The primary outcome variable was a t‐statistic resulting from pairwise PSC comparisons at the group level. This metric informs as to whether differences in the denoising pipelines were statistically meaningful and robust enough to be detected using standard thresholding criteria. Secondary analyses examined whether denoising pipelines differences were driven by changes in the mean or variance of PSC. The latter were further quantified with Pitman–Morgan tests, which specifically test for differences in paired samples based on the bivariate normal distribution. Importantly, denoising algorithms may have different effects in noise regions such as the ventricles or edge of the brain (reducing amplitude and/or variance) versus task‐related activations (ideally reducing only variance). All voxel‐wise results were corrected for multiple comparisons at p < .05 based on 10,000 Monte Carlo Simulations (parametric value <0.001 and cluster threshold = 1,664 μL) using the spherical autocorrelation correction in AFNI (Cox, Chen, Glen, Reynolds, & Taylor, 2017). More liberal thresholding (i.e., voxels below family‐wise error (FWE)‐corrected threshold values) are presented in figures solely to provide a more nuanced depiction of potential pipeline differences.
Quality control PSC plots (QC PSC) plotted mean FD and absolute displacement relative to PSC values in both signal and noise regions of interest (ROIs; Power et al., 2015). GM, WM, and CSF tissue masks were generated using SPM (v12) and the TT_N27 template (i.e., our registration target) from AFNI (see Supplemental Methods). The primary sensorimotor cortex (SMC) and supplementary motor area (SMA) were empirically defined as signal regions based all tasks/trials commonly involving a button press.
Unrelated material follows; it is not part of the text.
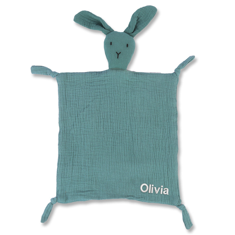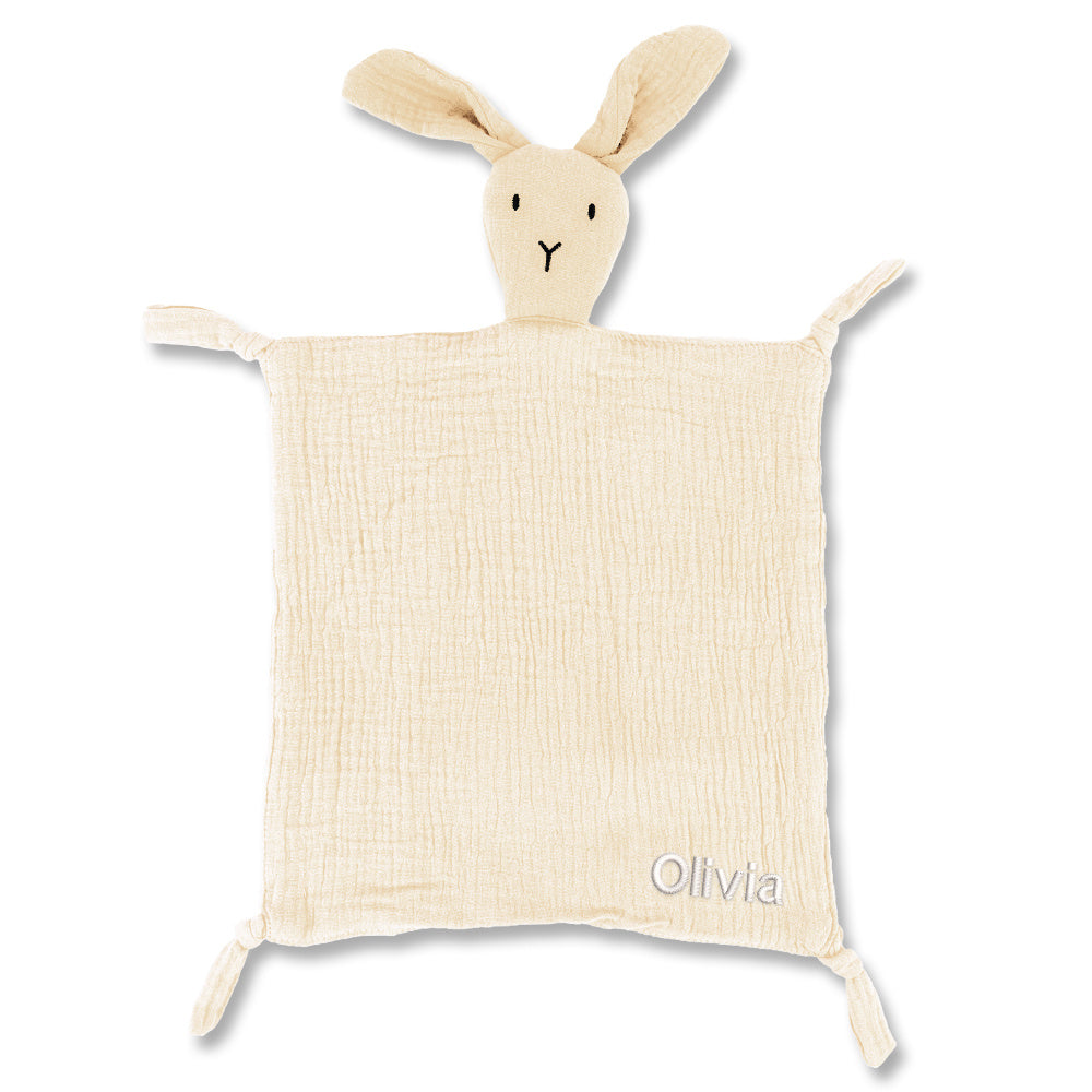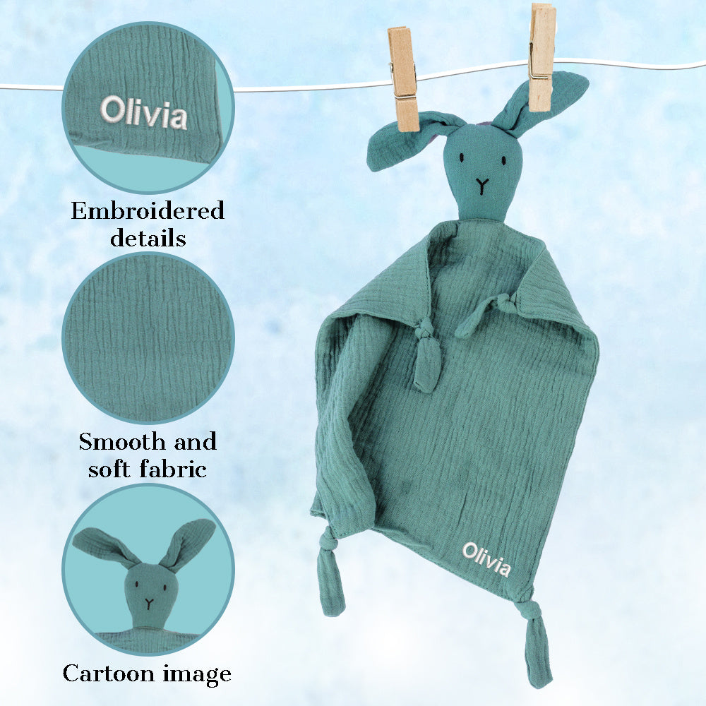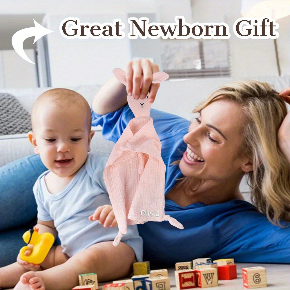 Manta de muselina personalizada para bebé con conejito en rosa, amarillo, beige, azul, marrón claro, suave, transpirable, regalo

The ventrolateral prefrontal cortex (VLPFC) was defined using a 12‐mm sphere (Talairach coordinates: 49, 28, and 10) and has been shown to be active across all selected contrasts (Dolcos, Wang, & Mather, 2014; Mayer et al., 2016; Mayer, Franco, Canive, & Harrington, 2009; Ryman et al., 2019). Thus, any potential effects on signal should be greatest within motor regions with differential motor requirements (MMAT task; frequency contrast) whereas the VLPFC should be more sensitive for cognitive contrasts (AX‐CPT: AY vs. AX trials; MMAT: incongruent vs. congruent trials) and frequency effects.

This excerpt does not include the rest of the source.